Jenn aka Chopper & Angel's Momma :cat


----------



## ~*Regina*~ (Apr 16, 2008)

I like Fromm and Annamaet the best. But with the 2 you had listed I would go with the BB Wilderness . It's a good grain free food IMO


----------



## KeiraDC (Sep 15, 2014)

I have been feeding Keira, 6-months old, a variety of canned... but the kibble i leave down for her during the day is FROMM Game-Bird. She Looooves It!! She actually prefers the kibble over the canned a lot. :jump


----------



## Mr. Chopper's Mom (Nov 1, 2013)

Thanks Regina! Would this be correct (see link)? This is an entirely new realm for me. I searched these foods at my local pet store and they don't carry them. I didn't realize in order to get the better quality food I would have to hit the internet. Thanks for the suggestion and I may have to burn thru that Amazon card I was given for xmas Lol! 

Amazon.com : Annamaet Grain Free Chicken & Fish Cat Food - 4 lb : Dry Pet Food : Pet Supplies

[ame]http://www.amazon.com/Fromm-Grain-Free-Game-5-Pound/dp/B00CGK59YO/ref=sr_1_6?ie=UTF8&qid=1420038759&sr=8-6&keywords=fromm+cat+food+dry[/ame]


----------



## Mr. Chopper's Mom (Nov 1, 2013)

Wow second Fromm suggestion! This is great. Thank you. 

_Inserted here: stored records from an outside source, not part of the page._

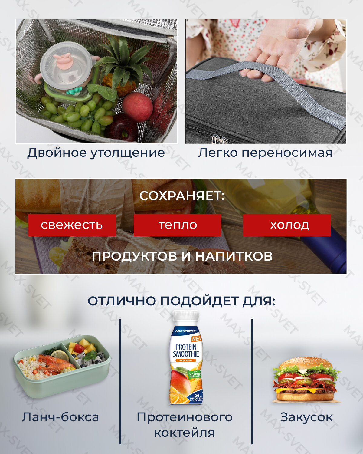 Ниже Вы можете прочитать отзывы на Сумка холодильник S-MAX объемом 8 литров со съемным плечевым ремнем, водонепроницаемыми швами для сохранения продуктов в тепле или холоде, серая, ознакомится с подробными характеристиками, посмотреть интересные обзоры и фотографии на Сумка холодильник S-MAX объемом 8 литров со съемным плечевым ремнем, водонепроницаемыми швами для сохранения продуктов в тепле или холоде, серая.
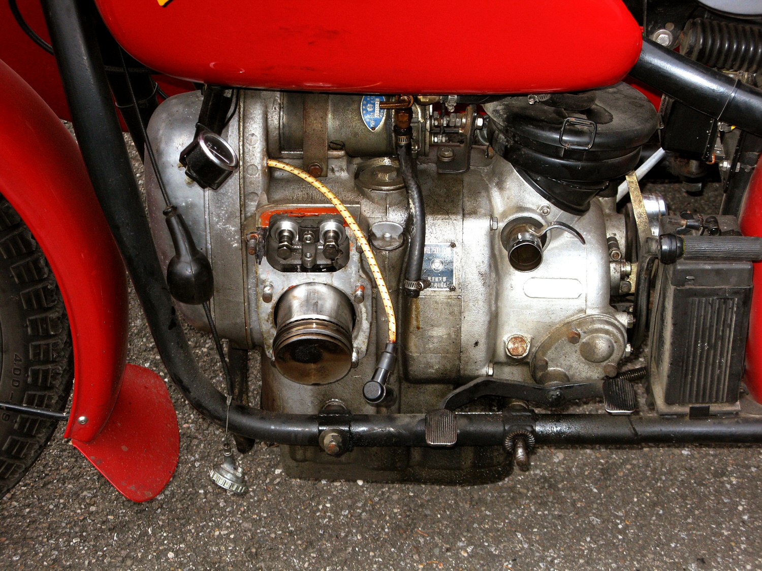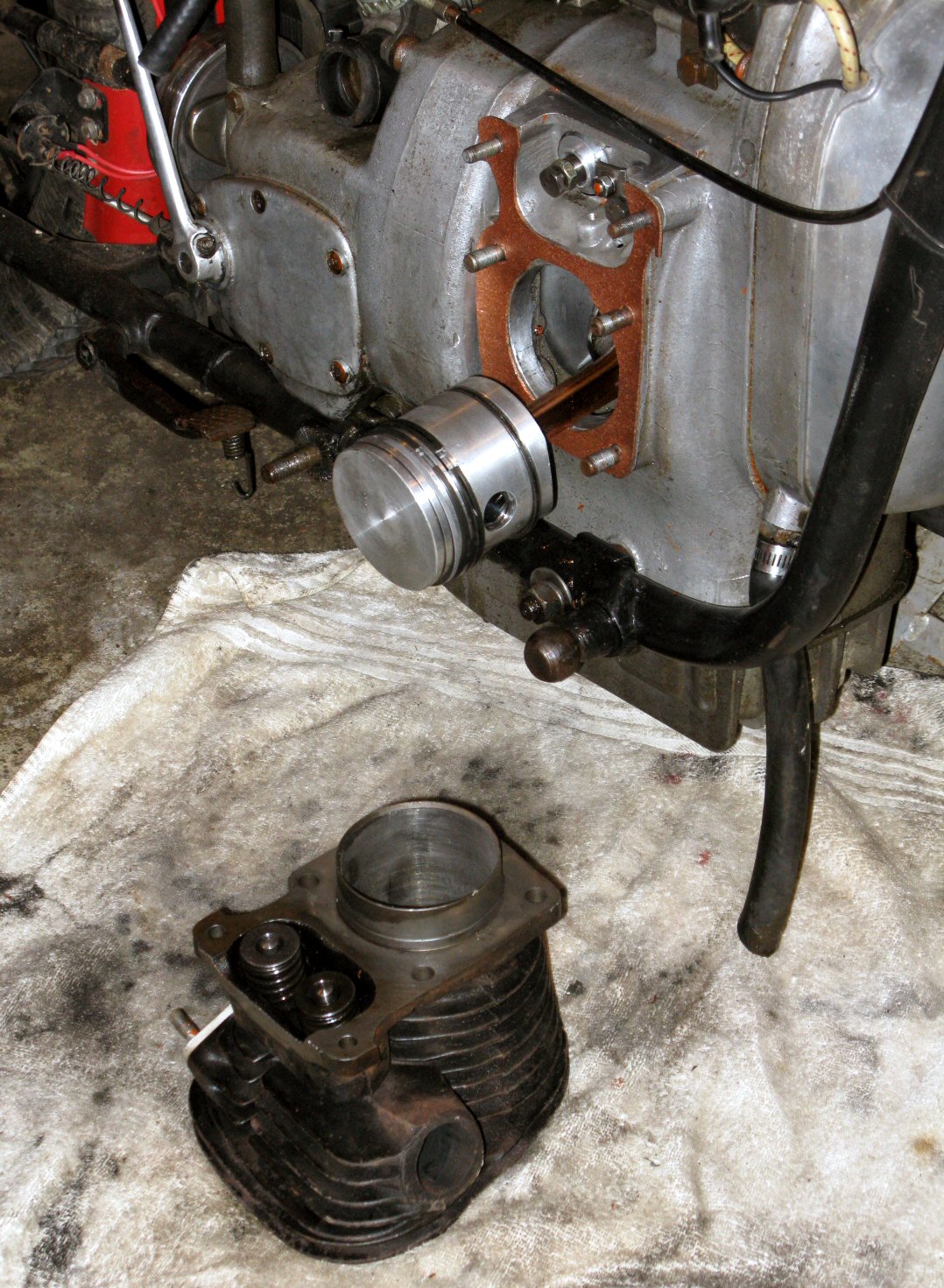 The jug is ready. See the gasket on the side of the motor? It's made from cork gasket stock. | ||||
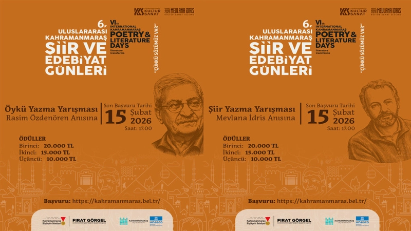 Yarışmalara başvurular 15 Şubat 2026 tarihine kadar kabul edilecek. Katılım şartları, yarışma takvimi ve başvuru formuna https://kahramanmaras.bel.tr/duyuru/2026/01/08/6-uluslararasi-kahramanmaras-siir-ve-edebiyat-gunleri-basvuru-formu internet adresinden ulaşılabiliyor.
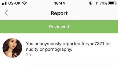 I reported the account (@foryou7871) and about an hour later I received a message from Instagram that read: "while we reviewed the account you reported for nudity or pornography and found it does not violate our Community Guidelines, reports like yours are an important part of making Instagram a safe and welcoming place for everyone."
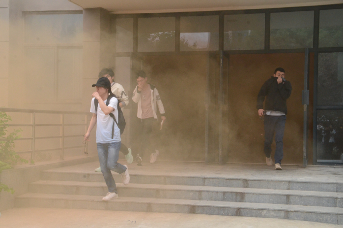 演练前,易班中心等网络媒体面向全校推送防灾减灾知识,各学院辅导员向学生普及了防震及消防疏散应知应会知识。演练指挥组、通讯联络组、疏散引导组、应急保障组、宣传报道组等通力协作,确保场地及各项物资准备到位。过程中,各组合作确保了演练安全有序进行。在现场疏散引导员的提醒指引下,学生们在防震演练阶段能找到安全可靠地点进行躲避并做好身体重要部位的安全防护,在消防疏散演练阶段能护住口鼻并保持低姿快速通过浓烟区。
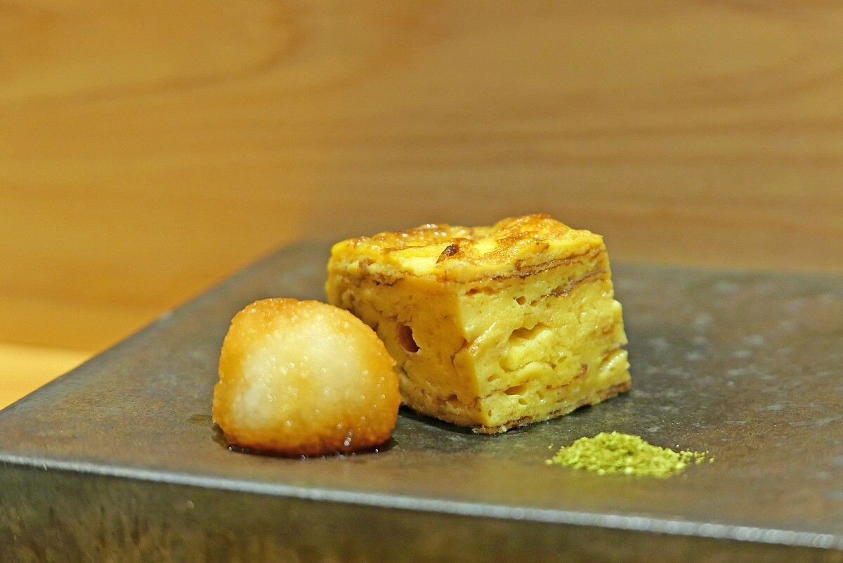 將柴魚與昆布熬製的日式高湯與雞蛋細火現煎融合,層層堆疊出綿密柔嫩的口感。品嚐時可輕輕撒上微嗆的山椒粉,帶來清香與辛辣的層次感,增添了尾韻的深度。最後搭配醬油蘿蔔泥,讓整體的口感更加清爽平衡。
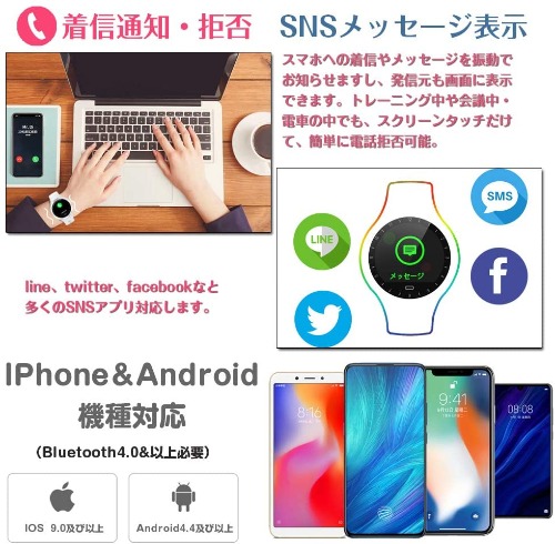 LINEやGmailといったソーシャルメディアの通知を受け取ることが可能であり、iPhoneやandroidのアプリと連携しています。
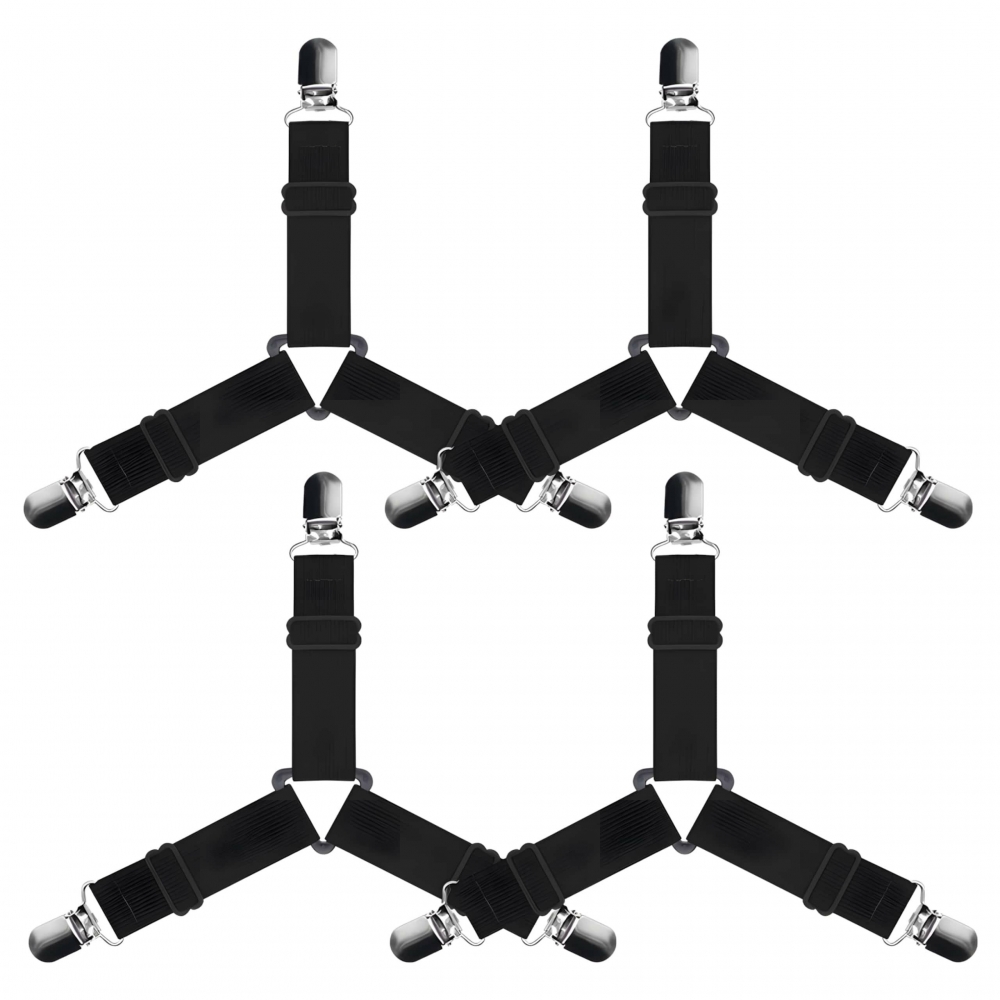 Reguliuojamo ilgio dirželiai leidžia lengvai pritaikyti juos prie įvairaus pločio čiužinių. Tvirti plieniniai spaustukai patikimai laiko paklodę vietoje ir apsaugo nuo jos nuslydimo nuo lovos.
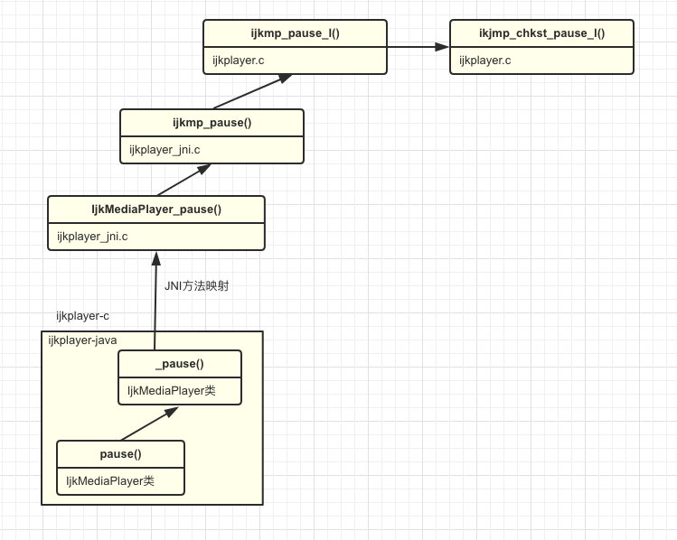 pause()是ijkplayer暂停播放内容的接口方法,其调用顺序如下图所示:

I suppose the big chain stores are not too popular when you want quality? That's a shocker to me...I would have never considered going elsewhere. Glad i've been enlighted.


----------



## KeiraDC (Sep 15, 2014)

I order a Lot from www.chewy.com

They have free shipping after a certain amount.... and I believe their regular shipping cost before that is only $4.95. have literally ordered in the afternoon and had it at my door, the next day. I have also had food that did not work out for my pup and they gave a Full refund and asked me to just donate the food to a shelter. Great customer service!


----------



## Misterious (Nov 19, 2014)

Skip the wilderness, they are being sued for false labeling. Not sure how its exactly going but there are better options then wilderness


----------



## Misterious (Nov 19, 2014)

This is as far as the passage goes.